That's no surprise. It has taken millions of years for humans to evolve and develop language skills. The book, 'Clan of the Cave Bears' fascinated me when I first read it about thirty years ago. In the novel, Neanderthal and modern humans made first contact and used body postures to express most of their social dictates. How could modern man install intricate details that have led mankind to this point?
Asimo, developed in 1996 and working as a tour guide at the museum for a four week trial, cannot respond to voice commands. The robot is only designed to answer 100 questions selected via touchscreen from a written panel. During a demonstration, it froze and asked: "Who wants to ask Asimo a question?" repeatedly when people pointed their cameras at it. Asimo can recognize a child waving to it, but it's not able to comprehend the meaning of the waving.
Interaction with humans is the next big step for robotics. Experts are working on safe human-robot interaction. Rather than concentrating on making robots compliant, they want to instill advanced social intelligence. For example, if a robot is handing you something hot or sharp, it needs to know whether it has your attention.

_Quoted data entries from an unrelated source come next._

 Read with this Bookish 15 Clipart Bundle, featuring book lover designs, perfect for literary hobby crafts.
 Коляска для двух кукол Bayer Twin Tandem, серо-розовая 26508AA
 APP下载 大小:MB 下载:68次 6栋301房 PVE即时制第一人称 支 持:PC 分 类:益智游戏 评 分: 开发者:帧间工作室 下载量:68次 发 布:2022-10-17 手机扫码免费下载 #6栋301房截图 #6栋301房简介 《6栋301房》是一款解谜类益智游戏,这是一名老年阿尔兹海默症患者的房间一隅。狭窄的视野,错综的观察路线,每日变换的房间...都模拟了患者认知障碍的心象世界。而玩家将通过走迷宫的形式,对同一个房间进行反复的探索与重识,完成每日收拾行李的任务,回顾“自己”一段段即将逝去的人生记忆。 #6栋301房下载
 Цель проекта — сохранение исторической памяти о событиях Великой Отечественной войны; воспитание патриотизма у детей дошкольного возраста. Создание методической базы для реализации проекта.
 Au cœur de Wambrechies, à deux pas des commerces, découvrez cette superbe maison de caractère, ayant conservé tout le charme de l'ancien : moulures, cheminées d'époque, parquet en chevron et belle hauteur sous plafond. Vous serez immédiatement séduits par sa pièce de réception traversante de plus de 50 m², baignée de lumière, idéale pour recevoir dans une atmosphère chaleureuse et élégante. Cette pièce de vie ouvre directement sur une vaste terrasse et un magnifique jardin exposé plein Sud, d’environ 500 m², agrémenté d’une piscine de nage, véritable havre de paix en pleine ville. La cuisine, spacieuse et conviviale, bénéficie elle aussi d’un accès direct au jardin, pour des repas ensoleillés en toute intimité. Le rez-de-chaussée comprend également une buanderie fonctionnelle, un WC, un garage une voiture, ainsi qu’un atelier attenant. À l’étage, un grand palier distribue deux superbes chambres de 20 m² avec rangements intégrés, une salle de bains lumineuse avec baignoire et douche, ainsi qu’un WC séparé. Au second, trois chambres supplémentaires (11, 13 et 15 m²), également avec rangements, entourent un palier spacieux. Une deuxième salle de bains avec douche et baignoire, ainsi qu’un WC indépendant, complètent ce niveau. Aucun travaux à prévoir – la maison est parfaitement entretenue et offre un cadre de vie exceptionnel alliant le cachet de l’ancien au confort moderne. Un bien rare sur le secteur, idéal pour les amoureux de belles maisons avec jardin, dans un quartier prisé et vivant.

I rarely use gestures when talking to my husband. Yet, when he's particularly agitated, his hands fly around, sometimes just missing my face.
Sitting at my computer most of the day, I don't have face-to-face contact with anyone. Maybe I've lost my communication skills. Last week, I went out to lunch with two women I'd only contacted through phone calls and via my husband. A strange awareness came over me while I was talking. My hands were joining in the conversation.
How about you? Do you make use of body language?